Thursday 12 February 2015

Saint Forannan of Clonard, February 12

February 12 sees the feast of an eighth-century abbot at the monastery of Clonard, County Meath - Saint Forannan. O'Hanlon has a brief entry on what is known of him:
St. Forannan, Abbot of Clonard, County of Meath.
[Eighth Century.]
We read on this day, in the Martyrology of Donegal, that Forannan, Abbot of Cluain Eraird, was venerated. He is said, also, to have been Abbot of Kildare, and to have died, on the 12th of February, A.D. 740, according to the Annals of the Four Masters,- or according to those of Ulster, A.D. 744.

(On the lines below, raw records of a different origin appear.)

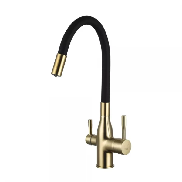Смеситель FRAP F4396-3 изготовлен из высококачественной латуни, что гарантирует его долговечность и устойчивость к коррозии. Гибкий излив позволяет легко направлять струю воды в нужном направлении, что особенно удобно при мытье больших кастрюль, сковородок и овощей. Отдельный кран для фильтрованной воды обеспечивает быстрый и легкий доступ к чистой питьевой воде, экономя место на столешнице и избавляя от необходимости устанавливать дополнительный кран. Этот кухонный смеситель станет отличным выбором для тех, кто ценит качество, комфорт и заботится о своем здоровье.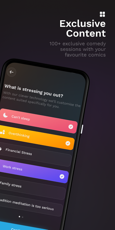 Laughscape là một ứng dụng thư giãn hài hước giúp mọi người thư giãn khỏi căng thẳng hàng ngày mà không cần đến sự nghiêm túc của 'thiền có hướng dẫn' truyền thống. Mỗi phiên âm thanh sẽ được tổ chức bởi các diễn viên hài nổi tiếng. Các nghệ sĩ hài nổi tiếng trên khắp thế giới sẽ giới thiệu cho bạn một phương pháp hoàn toàn mới để thư giãn, thiền định và thoát khỏi những căng thẳng của bạn.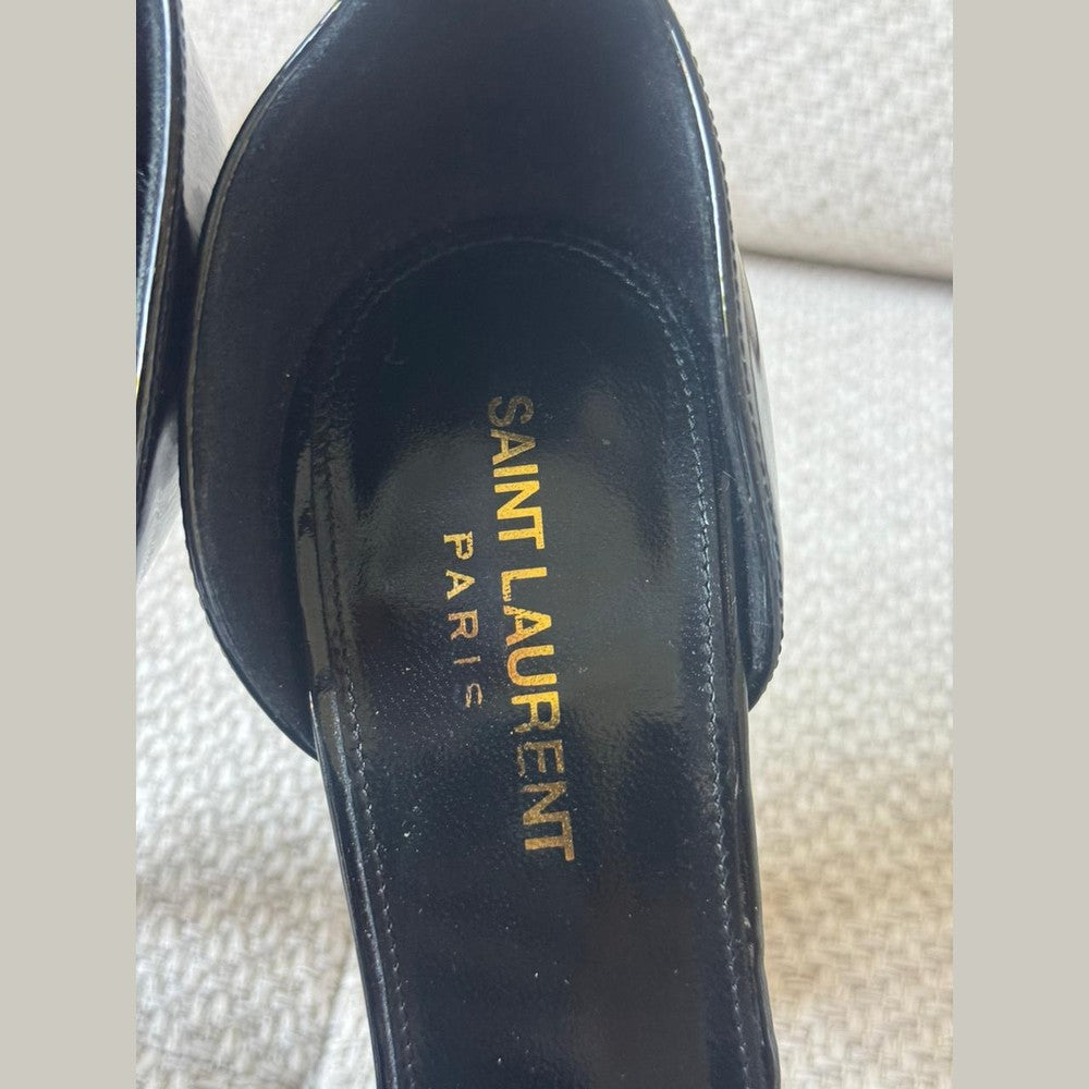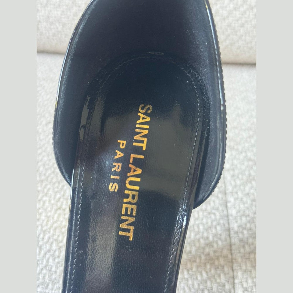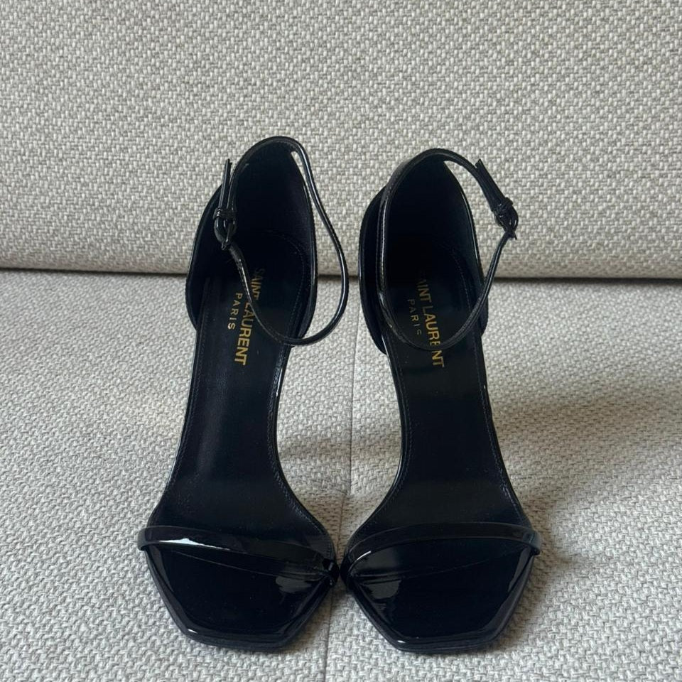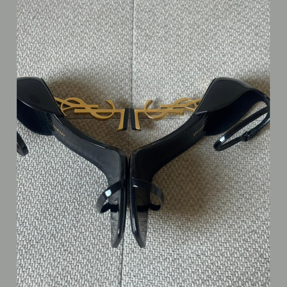 An iconic statement from Saint Laurent, the Opyum sandals are instantly recognizable for their sculptural YSL logo heel in gold-tone metal. Crafted in sleek black patent leather, they combine bold design with refined elegance. This striking silhouette elevates any evening or occasion look, making it a standout piece in any luxury collection.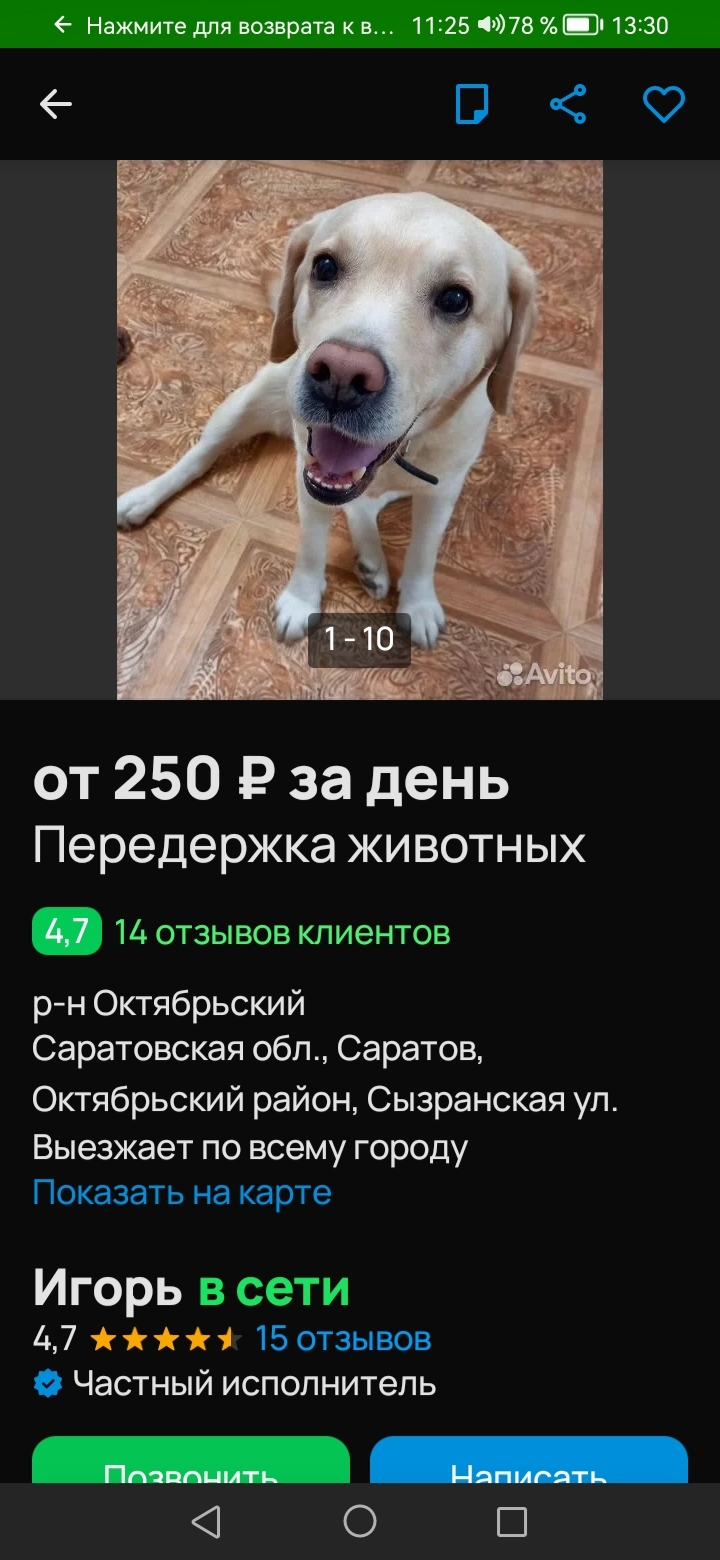 Отдавали, на передержку свою собаку. Зовут “специалиста по животным” – Игорь. Наш пёсик убежал от него и он нам не сразу об этом сообщил. На авито у него все отзывы на 5.На самом деле боится собак и он не умеет налаживать контакт с животными. В итоге мы не поехали, потеряли задаток за поездку. 1,5 суток мы провели в Агафоновке, в поисках своего сыночка, слава богу нашли. Лапки повреждены, а этому товарищу по барабану. Пишет мне, чтоб удалила отзыв. Такими вещами должны заниматься люди, которые любят животных, а не просто способ заработка денег. Если бы мы не нашли нашего Макса, в дальнейшем он вряд ли был бы жив, погиб бы или от холода или от голода.

In his diocesan history of Meath, Anglican rector John Healy recorded something of the context for the lives of the successors to Saint Finian:
The establishment at Clonard continued to exist down to the time of the Anglo-Norman invasion. It produced a long succession of men who were eminent in their day, but whose names now sound unfamiliar — such is the evanescent character of all human greatness. The annalists for the most part record for us simply their parentage and their decease. Sometimes, however, they give us small details that make us wish that they had not been so concise in all their statements, but had given us some particulars of the lives of these remarkable men . Thus they tell us of Bishop Tola, who was "a worthy soldier of Christ," and of Faelgus, who was "a wise man of Clonard." They tell of Suairleach, "bishop, anchorite, and abbot of Clonard, doctor in divinity and in spiritual wisdom, in piety and good deeds, so that his name spread over all Ireland: "and yet again of Ruman the amiable, a bishop who was " a shrine of wisdom, illustrious, acute, a man of virgin purity," and " loved by the hosts of the assembled people." Then we have Colman, the "wise doctor," and Maelmochta, " the head of the piety and wisdom of Ireland ; "Tuathal, the bishop, who "died after a good life," and Oengus, lord of Laeghaire, who, after a life of turmoil, retired to spend at Clonard his declining days, but was followed thither by his foes, and slain by the lord of Delvin. Such entries suggest many thoughts, but it is left to the imagination to fill in the picture. They tell, however, that the place was the abode of learning and piety, where good and learned men served their generation by the will of God.